* Problem:
Your answer must be the exact lines of the listing below that run from the line with "รอยตำหนิ: ใส่ปลอกคอสีชมพู เเละ air tag" to the line with "We’ve installed 5.85", ends included, and no pictures.

* Supplied data:
******

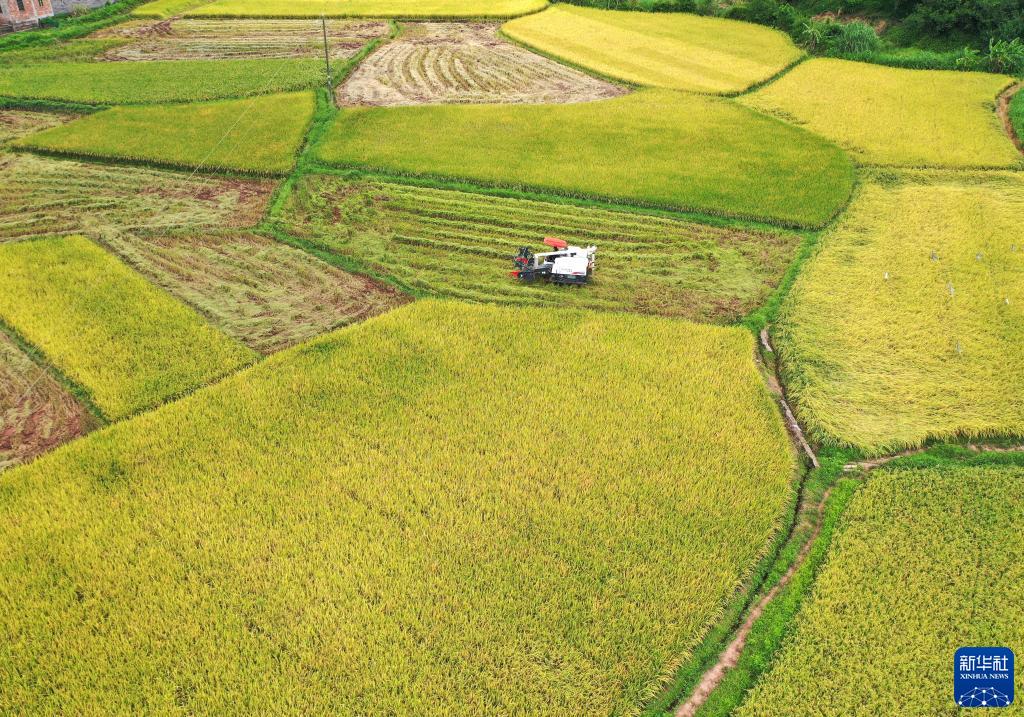 一臺收割機在南寧市橫州市新福鎮搶收早稻(7月7日攝,無(wú)人機照片)。
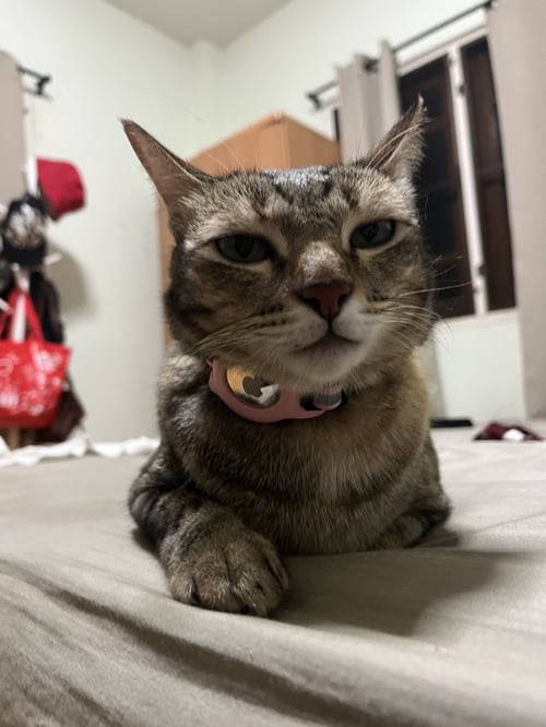 รอยตำหนิ: ใส่ปลอกคอสีชมพู เเละ air tag
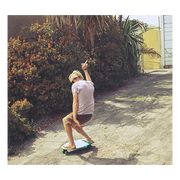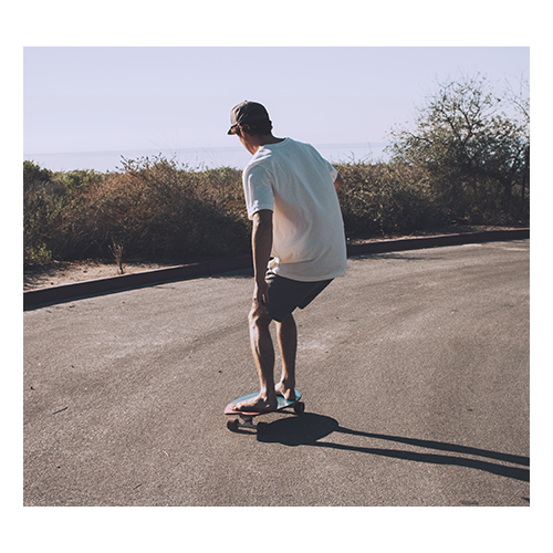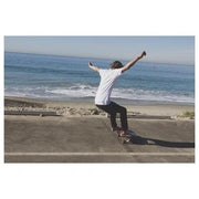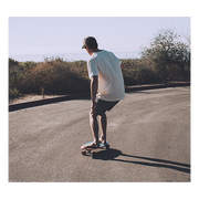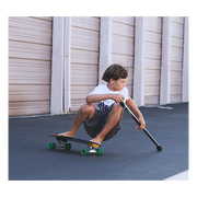 We’ve installed 5.85 inch Independent style trucks on top of our massive 24mm risers so that there’s no wheel bite when you lean in to the full power of this little beast. A portable, packable shorty that you can actually fit both of your feet on so you can cruise. It’s amazingly surfy for such a shorty.
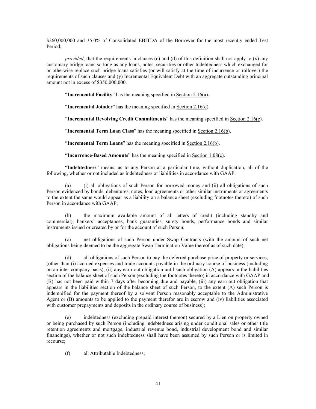 $260,000,000 and 35.0% of Consolidated EBITDA of the Borrower for the most recently ended Test Period; provided, that the requirements in clauses (c) and (d) of this definition shall not apply to (x) any customary bridge loans so long as any loans, notes, securities or other Indebtedness which exchanged for or otherwise replace such bridge loans satisfies (or will satisfy at the time of incurrence or rollover) the requirements of such clauses and (y) Incremental Equivalent Debt with an aggregate outstanding principal amount not in excess of $350,000,000. “Incremental Facility” has the meaning specified in Section 2.16(a). “Incremental Joinder” has the meaning specified in Section 2.16(d). “Incremental Revolving Credit Commitments” has the meaning specified in Section 2.16(c). “Incremental Term Loan Class” has the meaning specified in Section 2.16(b). “Incremental Term Loans” has the meaning specified in Section 2.16(b). “Incurrence-Based Amounts” has the meaning specified in Section 1.08(c). “Indebtedness” means, as to any Person at a particular time, without duplication, all of the following, whether or not included as indebtedness or liabilities in accordance with GAAP: (a) (i) all obligations of such Person for borrowed money and (ii) all obligations of such Person evidenced by bonds, debentures, notes, loan agreements or other similar instruments or agreements to the extent the same would appear as a liability on a balance sheet (excluding footnotes thereto) of such Person in accordance with GAAP; (b) the maximum available amount of all letters of credit (including standby and commercial), bankers’ acceptances, bank guaranties, surety bonds, performance bonds and similar instruments issued or created by or for the account of such Person; (c) net obligations of such Person under Swap Contracts (with the amount of such net obligations being deemed to be the aggregate Swap Termination Value thereof as of such date); (d) all obligations of such Person to pay the deferred purchase price of property or services, (other than (i) accrued expenses and trade accounts payable in the ordinary course of business (including on an inter-company basis), (ii) any earn-out obligation until such obligation (A) appears in the liabilities section of the balance sheet of such Person (excluding the footnotes thereto) in accordance with GAAP and (B) has not been paid within 7 days after becoming due and payable, (iii) any earn-out obligation that appears in the liabilities section of the balance sheet of such Person, to the extent (A) such Person is indemnified for the payment thereof by a solvent Person reasonably acceptable to the Administrative Agent or (B) amounts to be applied to the payment therefor are in escrow and (iv) liabilities associated with customer prepayments and deposits in the ordinary course of business); (e) indebtedness (excluding prepaid interest thereon) secured by a Lien on property owned or being purchased by such Person (including indebtedness arising under conditional sales or other title retention agreements and mortgage, industrial revenue bond, industrial development bond and similar financings), whether or not such indebtedness shall have been assumed by such Person or is limited in recourse; (f) all Attributable Indebtedness; 41

******

* Reply to the task:
 รอยตำหนิ: ใส่ปลอกคอสีชมพู เเละ air tag
 We’ve installed 5.85 inch Independent style trucks on top of our massive 24mm risers so that there’s no wheel bite when you lean in to the full power of this little beast. A portable, packable shorty that you can actually fit both of your feet on so you can cruise. It’s amazingly surfy for such a shorty.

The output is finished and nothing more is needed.